GIVEN INFORMATION:
=== Begin Enclosure ===
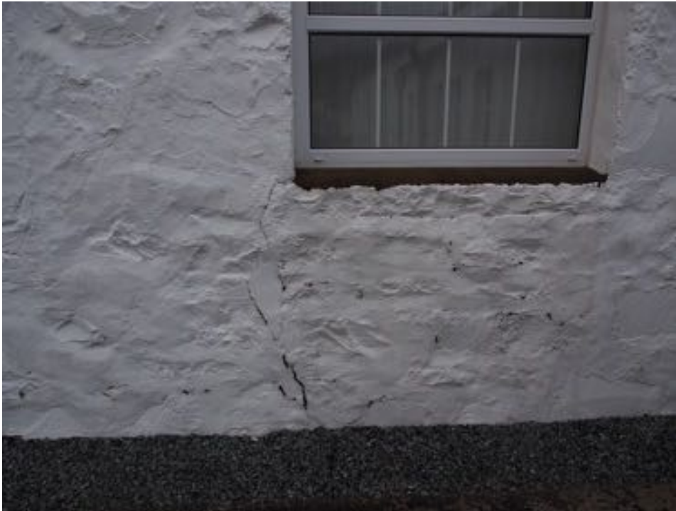
Crack under window west end of south side of church
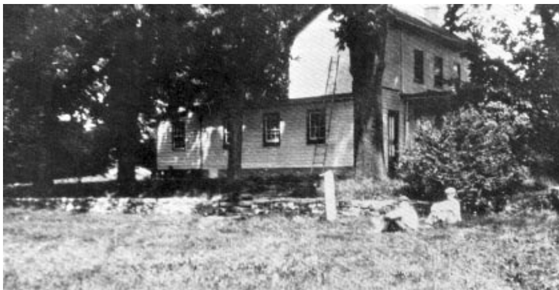
The Twining house where Miss Sally was born.. Located on Twiningford Road in Tyler State Park.
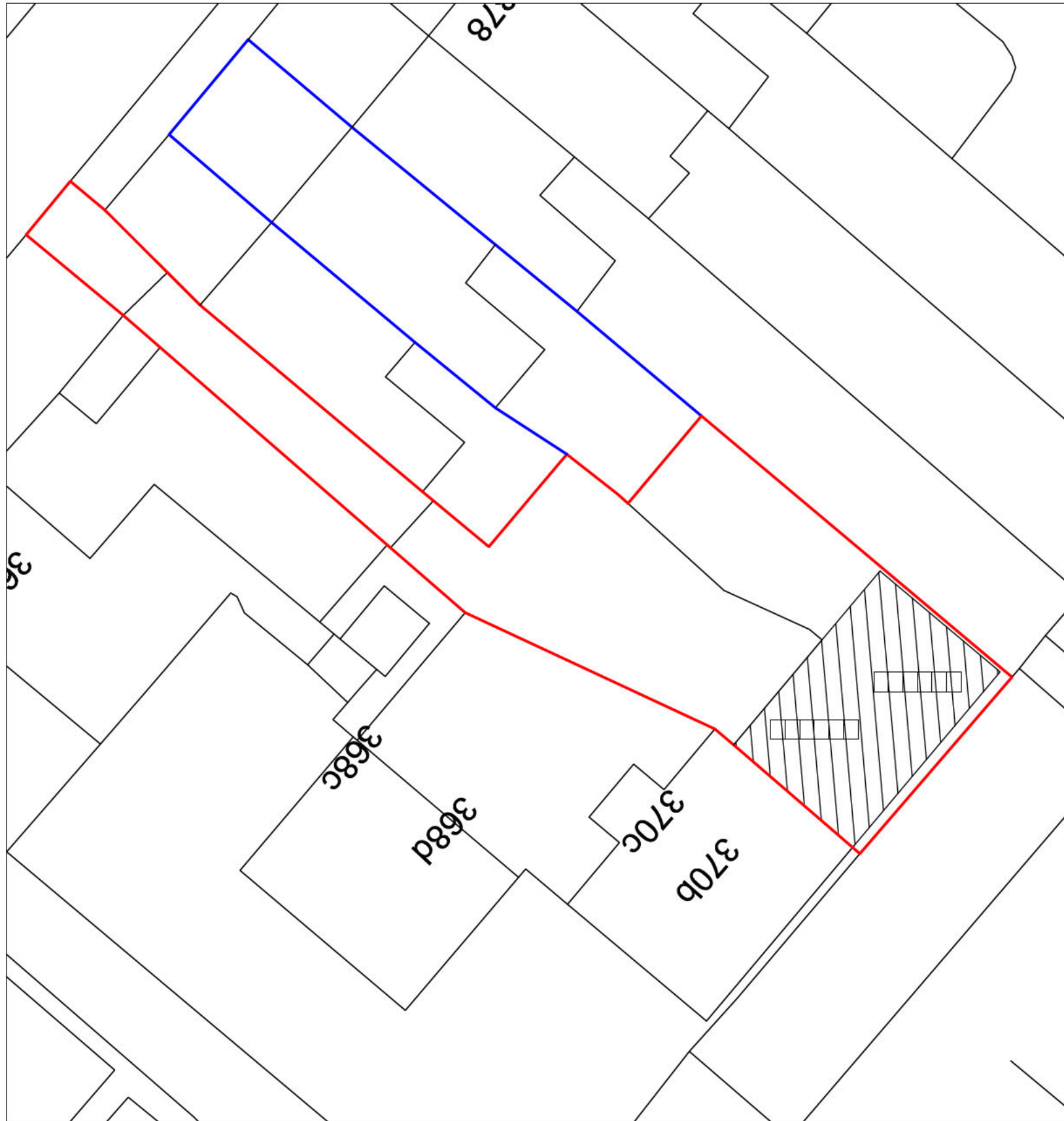
BLOCK PLAN 1:200
=== End Enclosure ===
PROBLEM DESCRIPTION:
Please reproduce the listing exactly, leaving out any pictures.

RESULT OF THE EXERCISE:
Crack under window west end of south side of church
The Twining house where Miss Sally was born.. Located on Twiningford Road in Tyler State Park.
BLOCK PLAN 1:200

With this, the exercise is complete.